Area codes 570 and 272 are telephone area codes in the North American Numbering Plan (NANP) for the northeast quadrant of the U.S. state of Pennsylvania. The numbering plan area (NPA) includes the cities or towns of Scranton, Wilkes-Barre, Williamsport, Stroudsburg, East Stroudsburg, Pittston, Carbondale, Hazleton, Clarks Summit, Towanda, Bloomsburg, Sayre, Tunkhannock, Berwick, Milford, Montrose, Honesdale, Pocono Pines, Nanticoke, Tamaqua, Shavertown, Dallas, Mahanoy City, Sunbury, Jim Thorpe, and extends as far south as Pottsville and as far west as Lock Haven. Area code 570 was created in 1998 in an split of area code 717, one of the original North American area codes. In 2013, the numbering plan area received a second area code, 272, creating an overlay plan, which required ten-digit dialing for the area.

History
When the American Telephone and Telegraph Company (AT&T) organized the telephone networks of North American with a universal telephone numbering plan in 1947, Pennsylvania was divided into four numbering plan areas, which received the area codes 215, 412, 717, and 814. Area code 717 was assigned to the eastern half of the Commonwealth, excluding the Delaware and Lehigh Valleys.

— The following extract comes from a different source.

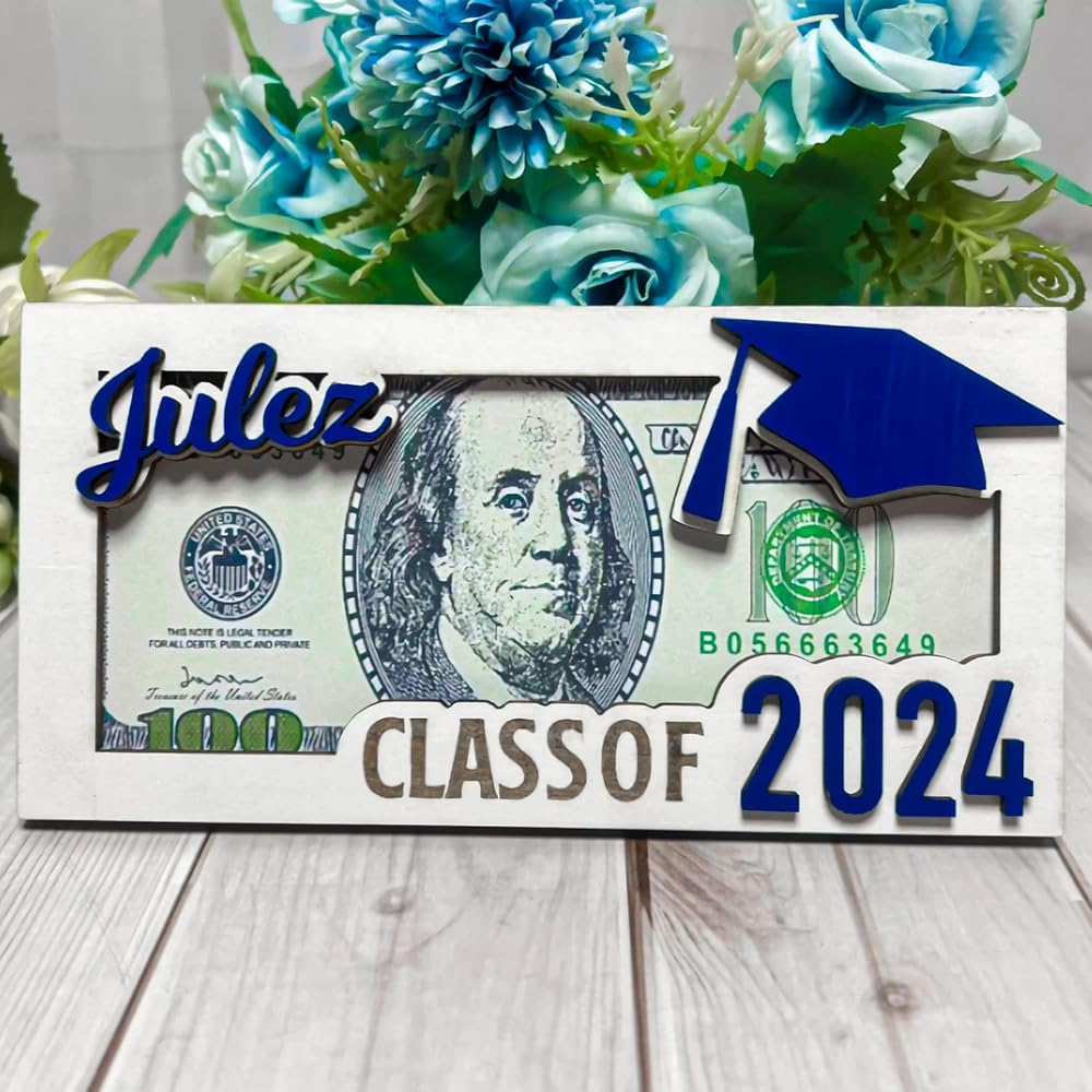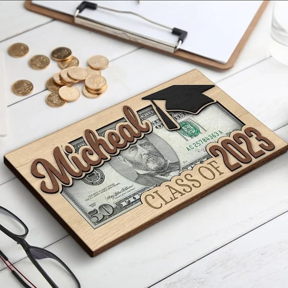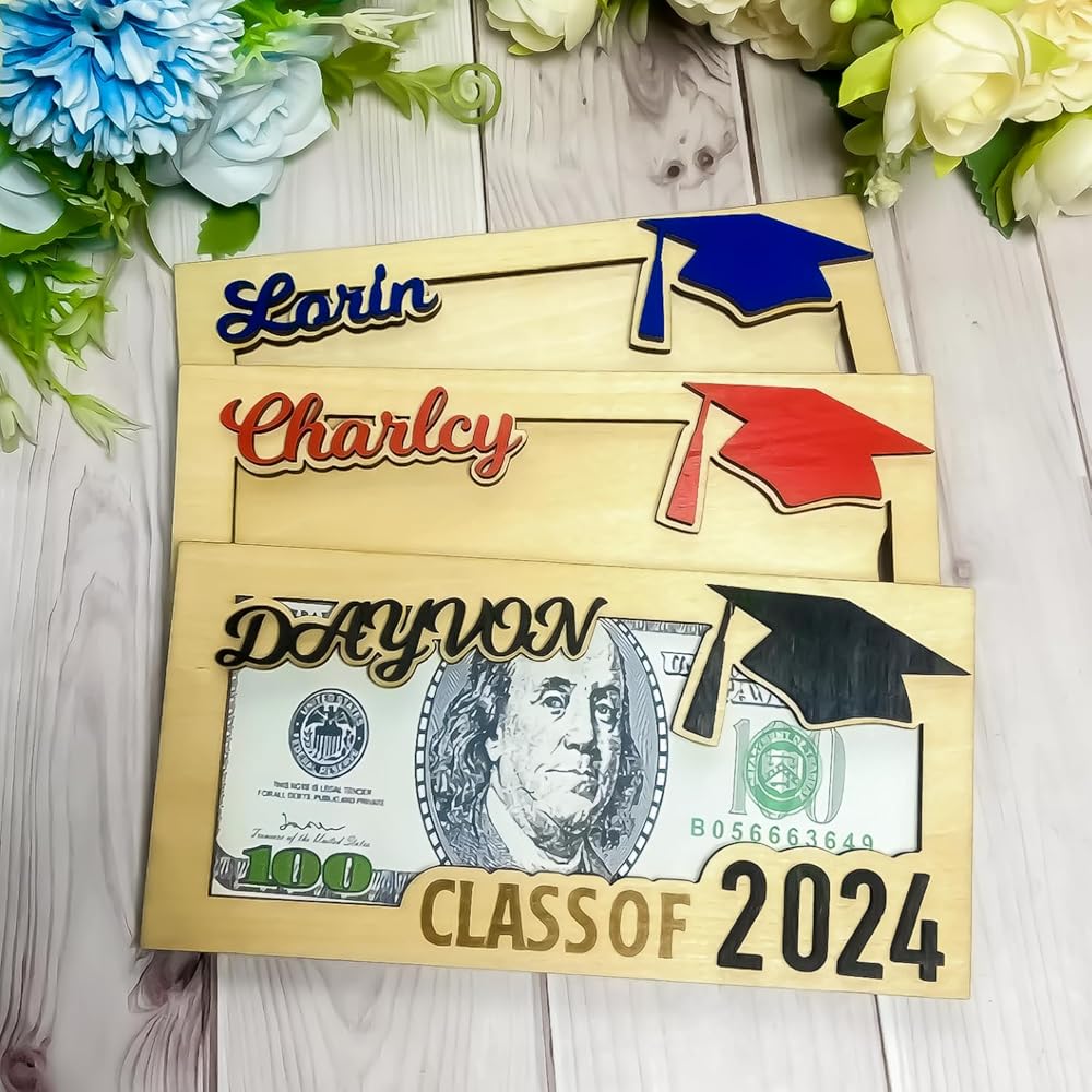 👍『Class of 2024 Celebration』Elevate their graduation with our Personalized Money Holder. Crafted from durable wood, it offers a stylish way to present gifts to the graduating class.

Area code 570 was created when the 717 numbering plan area was divided on December 5, 1998. It was the first new Pennsylvania area code created outside Philadelphia and Pittsburgh since the implementation of the area code system.

In 2009, it was projected that 570 would run out of numbers in the third quarter of 2011. The Pennsylvania Public Utility Commission (PUC) considered four options: an overlay plan and three configurations of dividing.  Two of the splits would have left Scranton and Wilkes-Barre, the two largest cities in the territory, with the same area code.   On July 15, 2010, the PUC decided that the new area code, 272, would be implemented as an overlay. The area code entered service on March 28, 2013. Ten-digit dialing became mandatory in northeastern Pennsylvania on September 21, 2013.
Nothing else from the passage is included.